Susantono cited data from the World Economic Forum’s Global Competitiveness Report 2017–2018 showing the Philippines among the infrastructure-challenged countries.
The list includes Cambodia, Indonesia, the Lao People’s Democratic Republic, Malaysia and Vietnam.
Inadequate infrastructure, Susantono said, also limits the access of businesses to finance and financial services, and blocks efforts to remove excessive and unnecessary regulations in product, labor and financial markets.
“Poor infrastructure connectivity hinders a country’s competitiveness globally.
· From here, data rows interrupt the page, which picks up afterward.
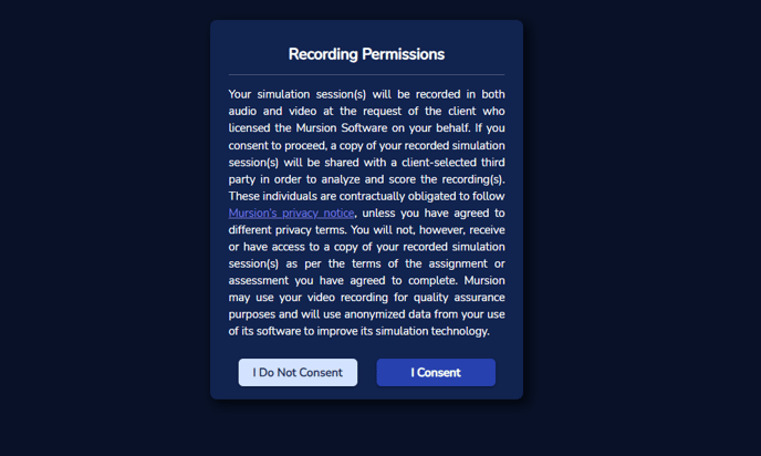 Once the devices are enabled, you will be guided to the Recording Permissions page. Select "I Consent" to record the session or "I Do Not Consent" to not record the session.
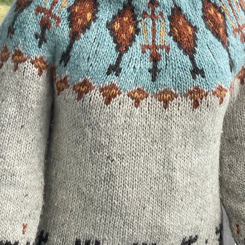 • Hjemmestrikket votter og sitteunderlag
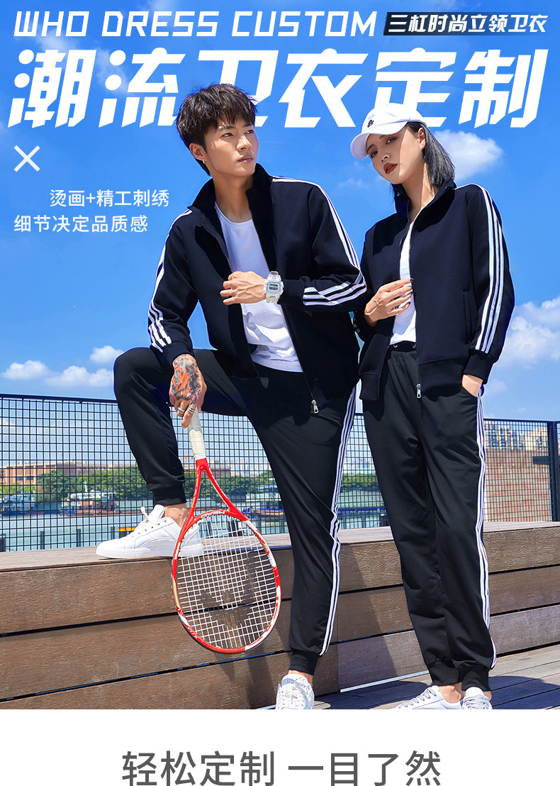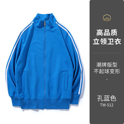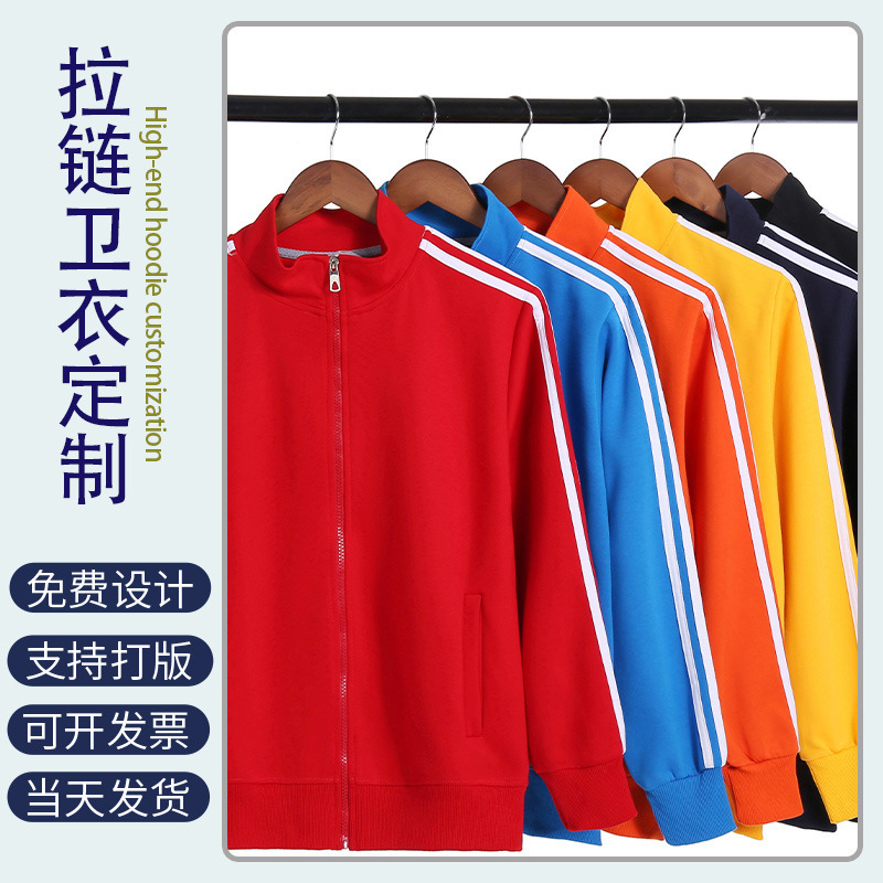 Осенне-зимняя тонкая классическая униформа, однотонная, с тремя полосками, повседневная спортивная толстовка с воротником-стойкой на молнии, на флисовой подкладке, с индивидуальным логотипом и длинными рукавами
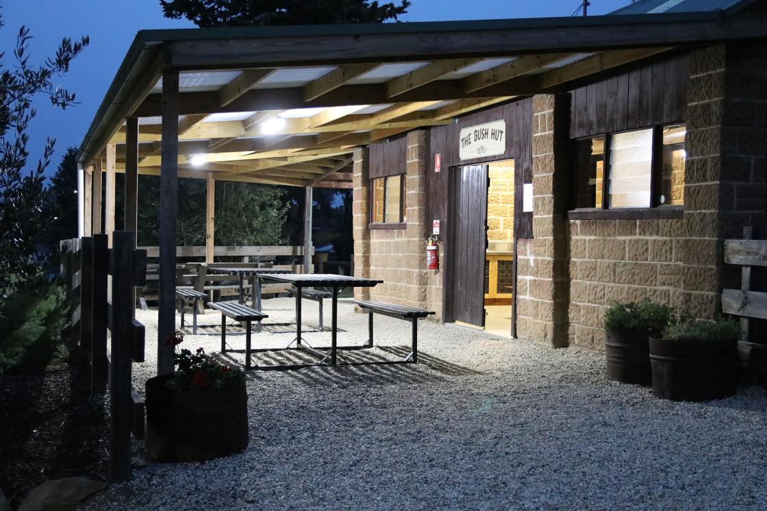 Outside the camp kitchen is a huge covered seating area with barbeques and outdoor sinks – just beautiful. Plans in the future include a pizza oven near the barbeques.

Limited access to finance and financial services also creates a problem for most firms, particularly small- and medium-sized enterprises,” Susantono said.
Countries in the region, including the Philippines, Susantono said, could benefit greatly from becoming part of GVCs. These are “networks of production across different countries that share different stages of the production process through trade.”
Susantono quoted the Organisation for Economic Co-operation and Development (OECD) as saying about 70 percent of international trade involves GVCs.
If countries are latched on to GVCs, the manufacturing sector would be able to play a bigger role in economic growth and job creation.
Other benefits include access to better technologies, greater participation of women in the workforce, and higher wages due to interactions with better labor standards at international companies.
Recently, a study conducted by the National Economic and Development Authority (Neda) showed the gender gap in the Labor Force Participation Rate (LFPR) remains at 30 percent, the widest in the region.
PSA data in March also showed nearly 11 million Filipinas have stopped looking for jobs in January as they were forced to just stay in the house and carry out domestic duties.
In a 2016 study, the World Bank said the growth of Filipino’s real wages have been flat since 2000. This despite an average growth of 3.4 percent in labor productivity between 2004 and 2014.
“The expected benefits of global value chains have spurred infrastructure development, facilitating trade between companies serving these manufacturing pipelines. They have also incentivized governments to focus investments on science, technology and engineering education. These initiatives have long-term positive impacts on society, not just on companies and exporters,” Susantono said.
Based on the PSA’s Monthly Integrated Survey of Selected Industries for August 2019, the Volume of Production Index (VoPI) contracted to 9.3 percent in August 2019.
In the same month of the previous year, VoPI posted an annual growth rate of 3.1 percent.
The data also showed that the deepest contraction in factory output was observed in April when the VoPI contracted 13.7 percent followed by June with a contraction of 9.4 percent.
The decline in August was largely due to the declines in petroleum products which contracted 59 percent.
This was followed by furniture and fixtures which contracted 43.4 percent); transport equipment, 19 percent; miscellaneous manufactures, 17.7 percent; and electrical machinery, 11.1 percent.